Project Synthesis
Autonomous material discovery
Why this project exists
Materials discovery is bottlenecked by characterization, not hypothesis. Modern computational chemistry can propose far more candidate compounds than human-paced laboratories can synthesize, characterize, and validate. Closing the loop requires automation across the entire pipeline.

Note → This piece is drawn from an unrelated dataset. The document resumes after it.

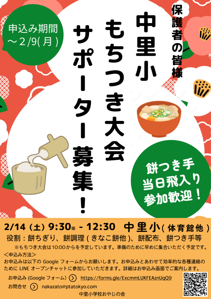 もちつきは力仕事もあるため、お父さん・保護者の皆さんの“つき手”参加も大歓迎です。
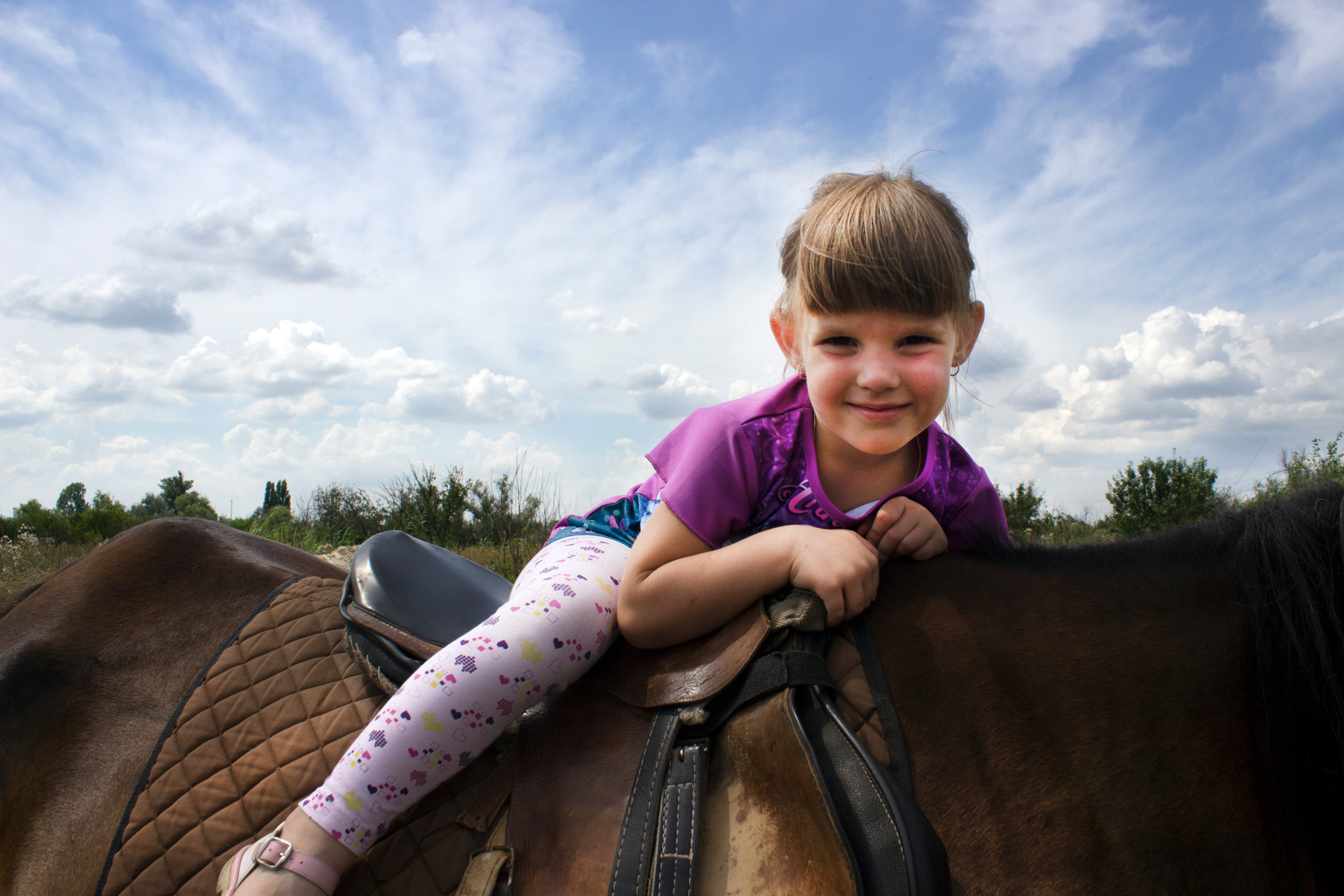 Действительно, даже со стороны видно, что от лошадей ребенок просто без ума, с радостью и без страха садится на свою "Макизю" (так девочка называет лошадку "Маркизу"), уверенно держится верхом и готова кататься до бесконечности.

Synthesis is our closed-loop materials-discovery pipeline. It hypothesizes candidate structures, simulates their properties, schedules synthesis on automated hardware, characterizes the result, and feeds outcomes back into the hypothesis generator. We are exploring novel superconductor and battery-material families. We are not claiming any specific result that has not been independently replicated.
How we work on it
Hypothesis generation under cost constraints
A foundation-model-based hypothesizer proposes candidate compounds prioritized by simulated property gain divided by estimated synthesis cost. The cost model is itself learned from prior synthesis runs.
Automated synthesis and characterization
Modular robotic synthesizer + multi-modal characterization stack (XRD, ARPES adapter, susceptometer). Sample-tracking is end-to-end: every characterization datum links back to a hypothesis lineage.
Closed-loop active learning
The pipeline runs as a Bayesian optimization loop with explicit uncertainty quantification on the surrogate property model. The loop also schedules dedicated runs to reduce uncertainty in regions of the design space the surrogate is least confident about.
Where the work stands
- ShippedQ3 2025
Initial pipeline integration
End-to-end demo with three closed-loop iterations on a benchmark battery-material family.
- In progressQ2 2026
Characterization throughput scale-up
New characterization hardware halves cycle time per candidate.
- PlannedQ4 2026
Open release of pipeline framework
Public release of the orchestration layer and a curated benchmark.
What we are still figuring out
- 01
Characterization-noise modeling
How do we faithfully model the systematic noise of a multi-modal characterization stack so the surrogate model is not trained on artifacts?
- 02
Cost-aware exploration
When synthesis cost varies by 100× across the design space, naive Bayesian optimization concentrates in the cheap region. Cost-aware acquisition is harder than it sounds.
- 03
Replication and provenance
For any positive result, the standard for replication should be high. We are designing the pipeline so external groups can replicate from the ledger.